Rejected NRC applicants at Hatishulapam in Kamrup district. Picture by Kulendu Kalita
Sumir Karmakar, TT, Aug 13, 2018, Hatishulapam (Kamrup): Samsul Hoque was shocked when he received the letter saying his family of seven could not be included in the draft National Register for Citizens as a case was pending against "a family member" in a foreigners tribunal.

Hoque says the letter did not give the case number, or say which among the state's 100 foreigners tribunals it was registered with - it did not even identify which family member had been so implicated.

"Neither had I received a notice nor had police informed me, as is normally done if a case is registered with a foreigners tribunal," the farmer told The Telegraph.

"How can we find out against whom the case was registered without the case number or any other details?"

Most of the 40 lakh-odd applicants missing from the NRC's final draft are yet to know why they have been excluded. The NRC seva kendras were to begin explaining the reasons individually from August 7 but there have been three serial postponements - to August 10, August 13 and now August 20.

The only people who have been sent written reasons for their exclusion are those who had figured on the first draft, released on December 31, but are missing from the July 30 final draft. Four of Hoque's family were on the first draft but none are on the final draft.

When Hoque had heard of this correspondent's arrival here, he had rushed from his home in neighbouring Karaibeel - after grabbing a printout of the electoral rolls and some other documents - on the mistaken notion that an NRC official had turned up.

The applications of Ali Ahmed's family too were rejected because the surname of Ali's grandfather - as spelled in the 1951 NRC, which he had submitted as legacy data - did not match that on a land document. Many others suffered because of discrepancies between their surnames and their ancestors'.

"In Muslim society, a son often uses a different surname from his father's. Such mismatches during the family-tree verification led to exclusion from the NRC," said Akram Hussain, president of the Hatishulapam gram panchayat.

Some 4,866 of the 16,931 applications from five villages - Hatishulapam, Hatishula Gaon, Bhulukamari, Laruajan and Karaibeel - about 60km west of Guwahati, have been rejected.
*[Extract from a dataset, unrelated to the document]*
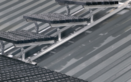 Kee® Walk is supplied in standard modules, which can be supplied ex-stock for rapid installation on virtually any rooftop project. The modules are supplied as 1.5 and 3m pre-assembled sections to suit the requirements of different roofs. These lightweight modules are constructed from glass reinforced nylon treads attached to aluminium support beams that are fixed to the roof surface. Steps and a traverse option, complete with an adjustable hinge, enable a Kee® Walk installation to be adapted to roof configurations from 0 through to 35 degrees. The installer can easily set the angle of the steps, by removing the locating bolt in the hinge, adjusting the angle and replacing the bolt at the desired point on the hinge. No bespoke parts are required.

That is a 28.7 per cent rejection rate, more than double the state average of 12.2 per cent.

At least 1,000 of those excluded had furnished birth certificates, which seem to have been rejected.

Hussain said that 1,202 of the 4,866 rejected applications were from married women who had submitted panchayat certificates.

"Illiterate married women with no birth, marriage or school certificates can only furnish certificates issued by the panchayats as link documents (linking them to their pre-1971 ancestors)," he said.

Hussain explained why few people in the area had birth certificates: "A few years ago there was no hospital here and the Gobardhana Hospital, 20km away, was the only option. Most villagers here did not go for institutional delivery as the roads were very poor; so their children don't have birth certificates."

He added: "There are no Bangladeshis in our villages. Our forefathers had settled here before the Partition. The mosque, set up in 1929, and the school, established in 1920, are proof of that."